Migration Era BoL - Barbarians of the Dark Ages

Hi all - first post on the Forum!

I am working on a hack for a late antiquity/migration era setting based on dark age heroic literature such as Beowulf, the Nieblungenlied, Y Gododdin etc - as well as Prince Valiant, Thorgal and historic pulp in general.

The concept is to focus on the mead hall as a focus for campaigns, and service to a lord as a driver for adventuring.

Very grateful for any thoughts or input

Thank you!
Peter



Barbarians of the Mirkwood

Your hall is bright, and warm and safe. Your lord is open-handed and wise. Mead and meat and song is plentiful. But outside the forest is dark and endless. The Mirkwood stretches for miles and miles of sodden bogs and dark glens.


The Mead Hall
Your place at the fireside cannot be taken for granted - it must be earned. To merit food, ale, warmth and light, you must make yourself useful to your lord. If you drink and eat then you must also be prepared to fight and die.

A lord will always welcome rich offerings - plunder from the south and west, wondrous beasts, ancient artifacts. Whatever may cause others to wonder and marvel will be warmly received. For a newcomer, such a gift may be needed to gain a seat at the foot of the table as a guest. Further gifts and good service will be needed to move closer to the lord, and to be admitted into his retinue.

But your lord craves good service even more. There are always plots to thwart, beasts to slay, enemies to kill and dangerous journeys to undertake. Such deeds will add to your heroes fame and may grant them access to the fireside just as quickly as a snow white bear or the Sword of Mark the Golden.

You will find not only friends but also enemies around the fire. Those who hate you for your past deeds, your family, your glory and your fame. They will do all they can to stop you from proving yourself to your lord.


The Mirkwood
Darkness. Danger. Enemy tribes. Fierce beasts. To leave the comfort of the fireside and step across the threshold into the untamed woods in an adventure in its own right. The Mirkwood is home to many savage tribes - Goths, Vandals, Thuringians and Swabians - who bedeck their halls with the plunder of a crumbling empire. It is also home to proud aurochs, grizzled bears and grunting boars - all ready to gore the careless. Those who know also tell of worse dangers - of troll and wight, wyrm and giant hiding in the dark recesses of the woods.


Beyond the Mirkwood
To the far north lies the endless woods of Hyperborea - the land of constant night and northern lights. Its shores are washed by the cool Suevian seas. To the east lie the open great plains where the Scythians roam.
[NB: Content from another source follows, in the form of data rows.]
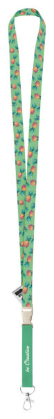 Custom made, 15 mm wide RPET lanyard with detachable metal carabiner and wheat straw plastic buckle. With sublimation printed graphics on both sides. MOQ: 100 pcs.
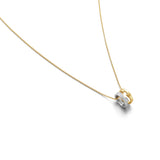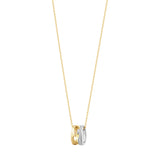 Georg Jensens ikoniske FUSION kollektion, forener elegance og symbolik i et unikt smykke. Dette vedhæng består af to perfekt sammensatte emner, der hænger side om side i en 45 cm spinkel guld ankerkæde. Hele smykket er fremstillet i 18 kt guld, hvor den ene del af vedhænget er i hvidguld. Denne del er dekoreret med i alt 0,22 ct. brillantslebne diamanter.
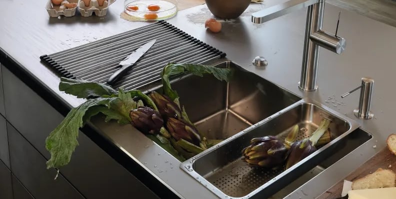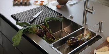 Die integrierte Arbeitsfläche bietet zusätzlichen Platz für die Zubereitung von Speisen und sorgt für eine nahtlose Integration von Spüle, Schneidebrett und Abtropffläche. Mit ihrem innovativen Design kann die Spüle problemlos an verschiedene Arbeitsabläufe angepasst werden, was sie zu einem unverzichtbaren Werkzeug für moderne Küchen macht.
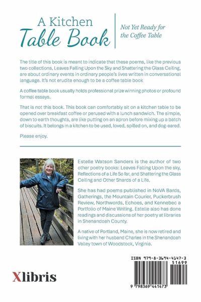 The title of this book is meant to indicate that these poems, like the previous two collections, Leaves Falling Upon the Sky and Shattering the Glass Ceiling, are about ordinary events in ordinary people's lives written in conversational language. It's not erudite enough to be a coffee table book A coffee table book usually holds professional prize winning photos or profound formal essays. That is not this book. This book can comfortably sit on a kitchen table to be opened over breakfast coffee or perused with a lunch sandwich. The simple, down to earth thoughts, are like putting on an apron before mixing up a batch of biscuits. It belongs in a kitchen to be used, loved, spilled on, and dog-eared. Please enjoy.
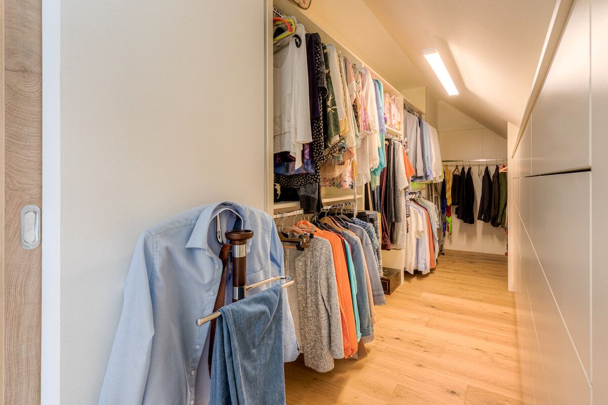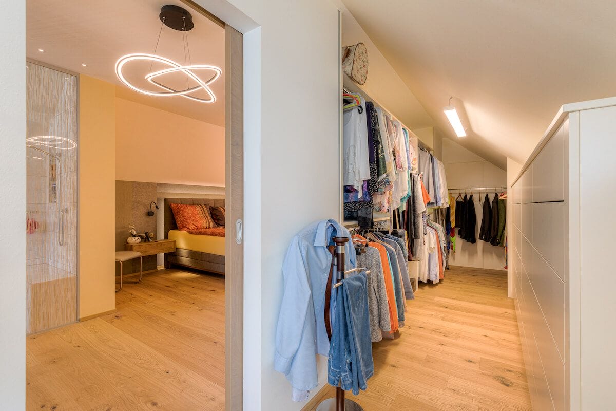 Der neu geschaffene Schrankraum hat jetzt zwar kein Fenster mehr, ist aber mit genügend Lichtquellen ausgestattet, wodurch dies überhaupt nicht ins Gewicht fällt. Der Raum erstreckt sich über die gesamte rechte Seite des Daches und wird durch eine große Spiegelglas-Schiebetür, die in der Zwischenwand nahtlos verschwindet, vom Schlafzimmer abgetrennt. (Hinter dem Fotografen geht der Raum noch weiter, leider aber ohne „Fotobeweis“ 😉
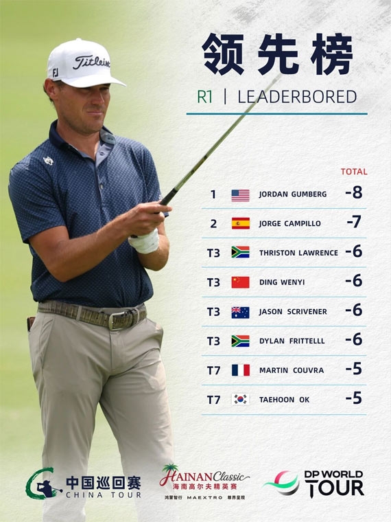 乔丹·冈伯格领跑海南高尔夫精英赛首轮,丁文一擒双鹰
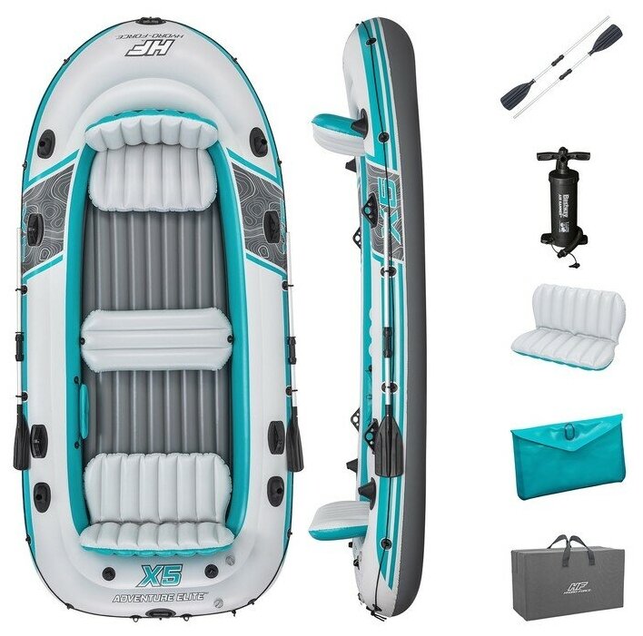Надувная лодка BestWay, Adventure Elite X5, 364x166 см, весла, насос до 600 кг
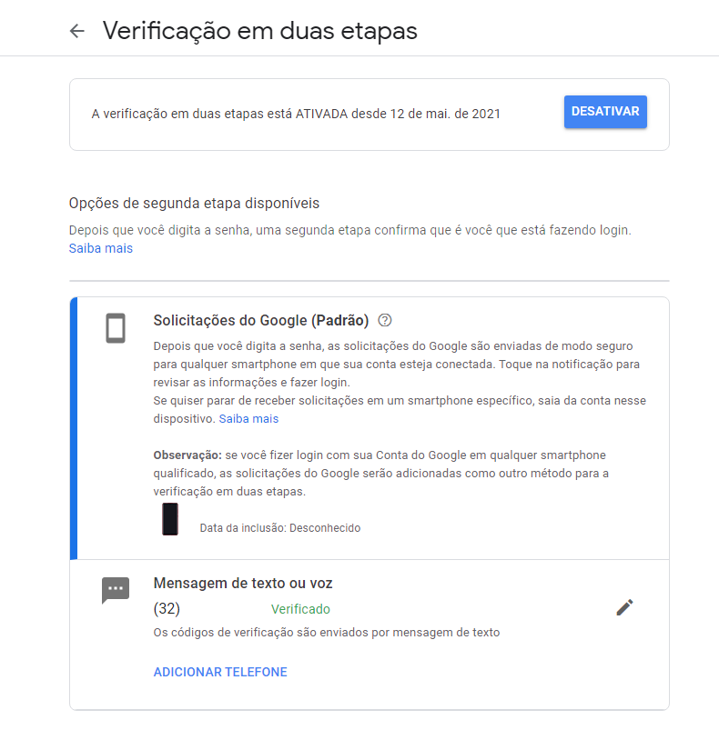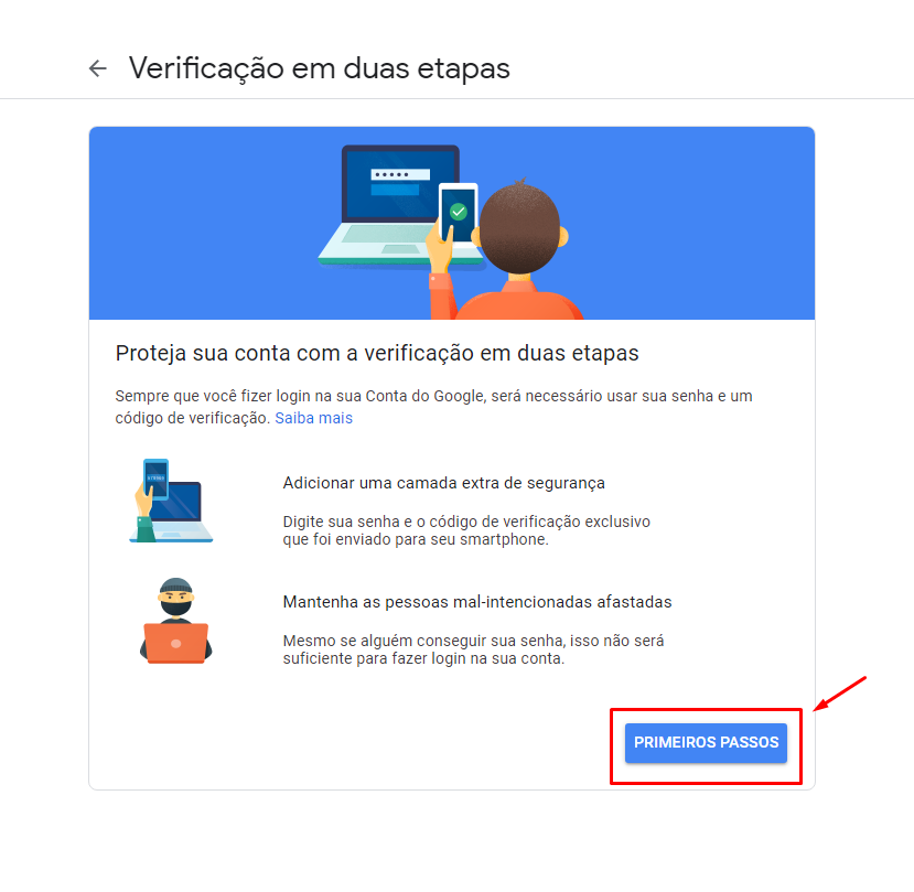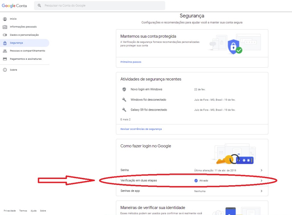 Opção 1 - Ativar a verificação em duas etapas
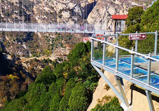 虽然夏季漂流已停止,但是可玩的项目还是非常多,悬空的玻璃栈道,这时候的玻璃栈道四面都是五颜六色的彩叶,漫山遍野非常的美,站在桥上欣赏着脚下的美景,红黄相间极为美丽。如果不是周末,人不会特别的多,可以尽情的在这里拍照,很多人来到这里就想拍一张不一样的照片,那么,现在来最好。

To the south lies the wide Danube, and beyond it the great Empire. On both sides of the Danube, the dark woods of Mirkwood shift to the green and delightfully treacherous glades of the enchanted Hercynian forest. There moss grows over old ruins - and the bones and ghosts from massacres past. To the west lies the rich Rhineland, and on the other side of the great river Rhine the crumbling defenses of the Empire.


The rules of guest friendship and gift giving hold true everywhere. On the open steppes, you may be welcomed into a richly brocaded tent rather than a wooden hall. In the provinces of the Empire, it will be on the marbled floor of a great Aula that you speak to your lord. But in these uncertain times, loyal service to a firm ruler is well rewarded.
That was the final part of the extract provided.